After leaving Madame Potemkin's we went to see--whom do you think? Guess
all round the breakfast-table before you turn over the leaf; if anybody
guesses right, I guess it will be Aunt Mary.
Madame de la Rochejacquelin [Footnote: Widow of the Vendean hero.]--She
had just arrived from the country, and we found ourselves in a large
hotel, in which all the winds of heaven were blowing, and in which, as
we went upstairs and crossed the ante-chambers, all was darkness, except
one candle which the servant carried before us. In a small bedroom, well
furnished, with a fire just lighted, we found Madame de la
Rochejacquelin lying on a sofa--her two daughters at work--one spinning
with a distaff, and the other embroidering muslin. Madame is a large fat
woman, with a broad round fair face, with a most open benevolent
expression, as benevolent as Molly Bristow's or as Mrs. Brinkley's.
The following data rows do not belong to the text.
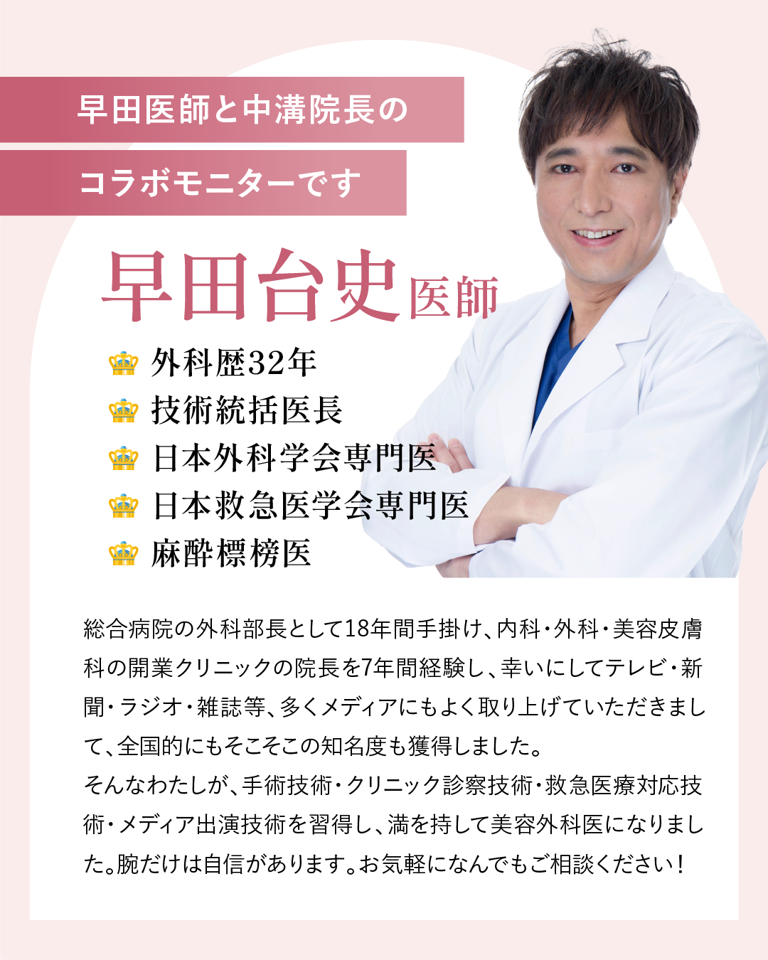 中溝院長と技術指導医長の早田医師が2名体制で手術をいたします🧑‍⚕️早い者勝ちなので今すぐチェックしてくださいね👇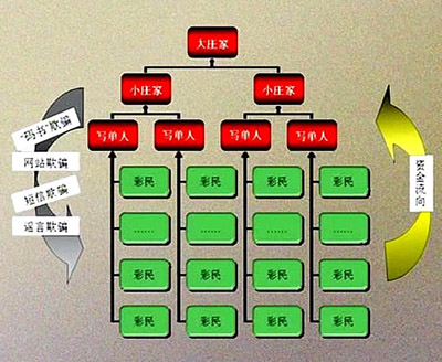 雷雨生,是沈阳市公安局东陵分局治安专案大队长期查办“六合彩”赌博案件的办案人员。他说,“六合彩”众多玩家没有赢钱的,大大小小的“庄家”没有输钱的。“六合彩”非法赌博组织很像非法传销组织,形成了以大小“庄家”为塔尖、众多玩家为塔底的金字塔。玩家少了,那些庄家怎么赚钱?所以,无数大小庄家拼命发展玩家,以便从“小庄”升为更大的“庄”。于是,村民的春耕钱、卖粮钱纷纷涌入到大小“庄家”手里。赢钱的想赢得更多,输钱的想捞回来,形成恶性循环。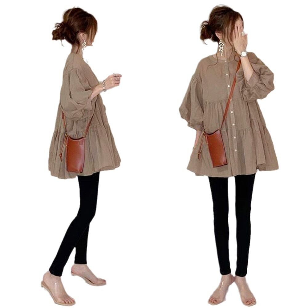 ふんわりと広がるシルエットが、体のラインをやさしく包み込むチュニック。胸下から入ったギャザーが自然なフレアを生み、動くたびに軽やかな表情を演出。甘くなりすぎず、ナチュラルな雰囲気で着こなせるのが魅力です。

Her
hair cut short, and perfectly gray, as seen under her cap; the rest of
her face much too young for such gray locks, not at all the hard
weatherbeaten look that had been described to us; and though her face
and bundled form and dress, all _squashed_ on a sofa, did not at first
promise much of gentility, you could not hear her speak or see her for
three minutes without perceiving that she was well-born and well-bred.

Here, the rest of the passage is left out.